Extracted information =>
Start of Block

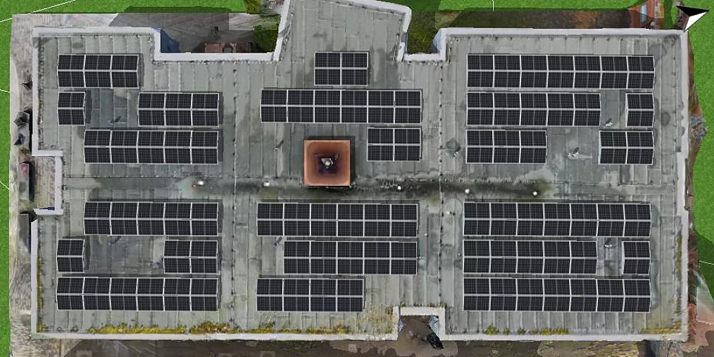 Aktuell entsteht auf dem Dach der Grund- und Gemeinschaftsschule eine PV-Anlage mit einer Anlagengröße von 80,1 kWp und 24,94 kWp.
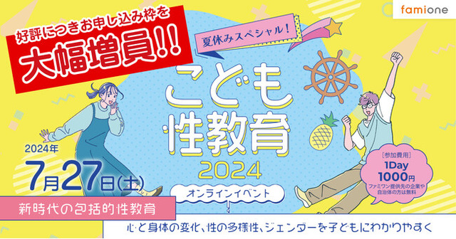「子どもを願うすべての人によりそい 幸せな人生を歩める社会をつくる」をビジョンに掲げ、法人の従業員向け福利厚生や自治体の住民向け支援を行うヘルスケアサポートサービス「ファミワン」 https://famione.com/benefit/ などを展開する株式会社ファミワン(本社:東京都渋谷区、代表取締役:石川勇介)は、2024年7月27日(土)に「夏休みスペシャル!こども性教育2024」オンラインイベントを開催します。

End of Block
Start of Block

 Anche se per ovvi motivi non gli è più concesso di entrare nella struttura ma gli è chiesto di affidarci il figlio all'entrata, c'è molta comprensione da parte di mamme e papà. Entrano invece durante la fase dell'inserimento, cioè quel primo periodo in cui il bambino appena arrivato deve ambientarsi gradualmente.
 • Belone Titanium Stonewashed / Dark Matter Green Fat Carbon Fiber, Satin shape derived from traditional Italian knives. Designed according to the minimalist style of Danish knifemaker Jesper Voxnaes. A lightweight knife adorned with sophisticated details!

End of Block

Required work => All that is wanted is the stretch of lines above from the one containing "Anche se per" through the one containing "with sophisticated details!", duplicated exactly.

Your solution =>
 Anche se per ovvi motivi non gli è più concesso di entrare nella struttura ma gli è chiesto di affidarci il figlio all'entrata, c'è molta comprensione da parte di mamme e papà. Entrano invece durante la fase dell'inserimento, cioè quel primo periodo in cui il bambino appena arrivato deve ambientarsi gradualmente.
 • Belone Titanium Stonewashed / Dark Matter Green Fat Carbon Fiber, Satin shape derived from traditional Italian knives. Designed according to the minimalist style of Danish knifemaker Jesper Voxnaes. A lightweight knife adorned with sophisticated details!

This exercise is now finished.